Goal 2b: Generalizability from Nomothetic to Idiographic Networks
First, an mlVAR model was estimated for the whole sample to estimate the nomothetic model. Second, a graphicalVAR model was estimated per individual (i.e., an idiographic model) without any constraints (i.e., unconstrained model). Third, a constrained graphicalVAR model was estimated per individual where only the effects that were significant in the nomothetic model were estimated (i.e., constrained model). Specifically, the effects of the temporal and contemporaneous networks of the nomothetic model were constrained in the temporal and contemporaneous structures of the graphicalVAR model. Finally, the Estimated Bayesian Information Criterion (EBIC) of the constrained model was subtracted from the unconstrained model to determine which model had better fit (EBICunconstrained − EBICconstrained).

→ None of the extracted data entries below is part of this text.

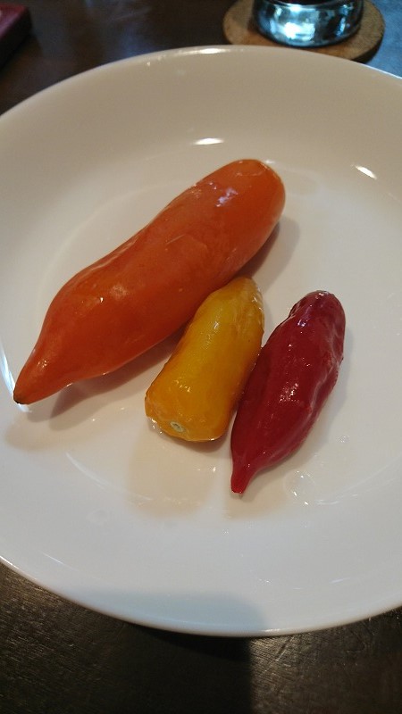 比較するものがないので分かりにくいかもですが、一番左のオレンジの唐辛子は
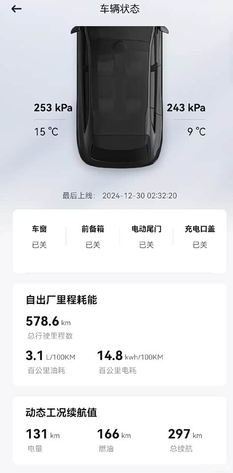 增程模式下,油耗3.1L/100km,电耗14.8kwh/100km
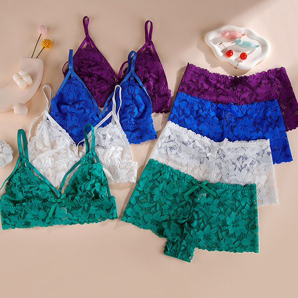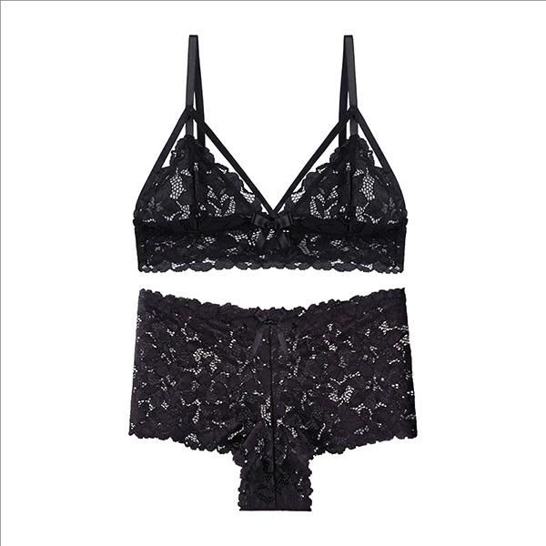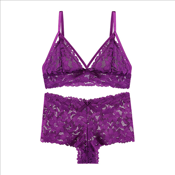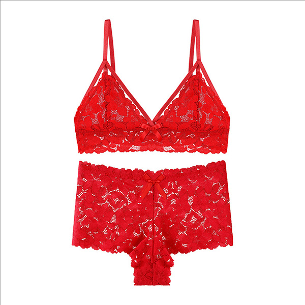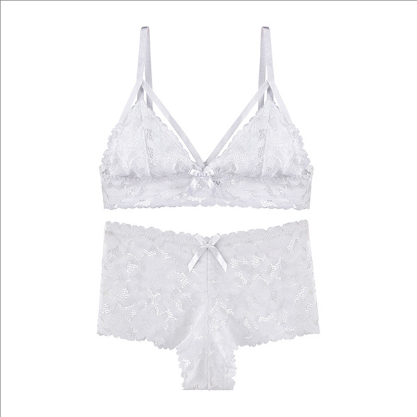 Fashion Solid Color Cutout Bowknot Two-piece Lingerie Set
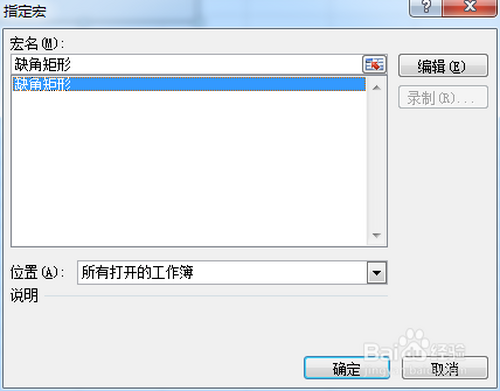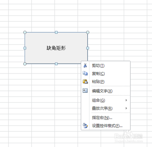 7.选中“缺角矩形”控件,然后点击鼠标右键,选择“指定宏”。

Lower EBIC indicates a better fit, which means that, after the subtraction, negative values indicated a better fit for the unconstrained model, and positive values indicated a better fit for the constrained model. EBIC uses a hyperparameter γ, which determines how strongly the EBIC favors simpler models with fewer edges (Foygel & Drton, 2010). The choice of this hyperparameter is somewhat arbitrary and depends on the value placed on caution—i.e., stricter models with fewer false positives—versus discovery—i.e., richer models with more detected edges (Dziak et al., 2012). Therefore, three different γ values were used in the analyses: 0.5, 0.25, and 0.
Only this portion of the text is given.